02.01.2019

À conversa com Arq.º Afonso Almeida Fernandes

02.01.2019

À conversa com Arq.º Afonso Almeida Fernandes

‘A CAuSA pretende ser uma associação de arquitectos e engenheiros, que têm vontade de ajudar, falta-lhe é tempo e iniciativas’

Fale-nos do seu percurso.

Eu saí da faculdade em 2014 e estive dois anos no Atelier Aires Mateus e Associados.
O Manuel Aires Mateus foi meu professor. No final do curso tive uma encomenda para uma habitação e decidi arriscar e abrir atelier. Juntei-me à arquitecta Mafalda Neto Rebelo, que foi minha sócia durante dez anos, no CHP. Quando começámos a ter projectos de dimensão mais interessante rebentou a crise. Tivemos a sorte de ir para Angola com um único projecto, mas de dimensão colossal. Eram cinco torres que albergavam alguns ministérios, um centro comercial, escritórios e 150 habitações, o equivalente à população de Leiria. Ocupou-nos durante os quatro anos da crise em Portugal. Depois regressámos. Há dois anos, decidi sair da CHP porque sempre tive uma componente de solidariedade forte na minha vida, fiz muito voluntariado, sempre quis estar ligado a isso e não conseguia fazê-lo sem lesar os meus sócios. Saí, com alguma pena, mas correu bem. Fundei o meu atelier, Almeida Fernandes Arquitectura, somos quatro, e o trabalho que faço é igual ao que fazia.
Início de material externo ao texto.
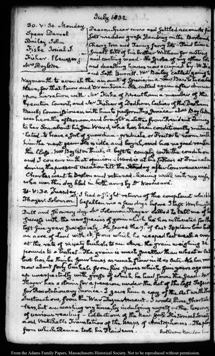 View full, authoritative transcriptions with page images of the diaries at John Quincy Adams Digital Diary part of the Primary Source Cooperative at the MHS.

Em relação à componente solidária, o que nos conta.

Em Outubro de 2017, disponibilizei-me para ajudar na catástrofe do incêndio no Norte. Juntamente com a escola dos meus filhos, fui para lá logo na segunda semana, como voluntário, para dar apoio àquelas pessoas. Há medida que se foram definindo as coisas, percebi que também podia ajudar enquanto arquitecto. As casas afectadas pelo fogo receberam fundos do Estado, mas deparámo-nos com outras que, não tendo ardido, não tinham condições de habitabilidade, necessitavam igualmente de ser recuperadas, havia famílias inteiras sem electricidade e sem água. Foi nessa altura que decidi criar uma associação, que em princípio será em breve uma ONG, que se chama “CAuSA – Unidos por uma casa”, que pretende levar a arquitectura a quem não tem. No Verão, trabalhei com uma associação para reabilitar 30 daquelas casas, chama-se “Just a change” e reúne voluntários num campo de Verão, arranja dinheiro e contrata empreiteiros locais que coordenam grupos de voluntários para reconstruir casas. O meu papel foi identificar as casas, juntamente com as autarquias de Santa Comba Dão, Tondela e Arganil, e fazer os projectos de arquitectura, medições e orçamentos. Em Tondela pediram-nos para recuperar alguns anexos agrícolas, porque 90% dos lesados foram agricultores de subsistência, pessoas que não ficaram sem habitação, mas ficaram sem todo o seu sustento. Quem perdeu a casa, teve uma casa nova, e estes agricultores perderam alfaias, tractores, barracões, hortas e animais e receberam cinco mil euros. Nestes casos, o que a CAuSA fez foi construir anexos agrícolas, multifunções, inspirados na construção tradicional do modelo dos espigueiros do Norte, reaproveitando a madeira ardida, que foi recuperada nas serrações locais. O anexo custa 3500 euros, cerca de metade do preço de mercado, é feito com mão-de-obra local, devolve esperança e dignidade e evita a proliferação da construção de barracas em chapa.

E o que se segue?

A ideia seguinte é implementar este projecto a uma escala maior que envolve as cozinhas sociais das aldeias. Em Arganil foi a Santa Casa da Misericórdia que fez o levantamento dos casos porque estão muito próximos da população, têm uma equipa de apoio ao domicílio que leva refeições às pessoas nas suas casas. O que pretendíamos era interligar os agricultores com estas cozinhas, que compram os legumes nos supermercados. Com a compra do anexo, ou de uma parte, nem que seja simbólica, o agricultor ficaria ligado a uma cooperativa, podendo produzir legumes para vender a estas cozinhas sociais. A ambição da associação, que está mesmo no início, é vir a ser uma associação de empresas de arquitectura e engenharia, porque os arquitectos e os engenheiros não têm uma vertente de responsabilidade social, mas têm imensa vontade, falta-lhe é tempo e iniciativas. Associarem-se à CAuSA permite-lhes ser solidários e ajudar com aquilo que sabem fazer melhor. A ideia é estabelecer uma quota de empresa que alimente uma pequena equipa, que trabalhe para este fim de levar a arquitectura a quem não tem.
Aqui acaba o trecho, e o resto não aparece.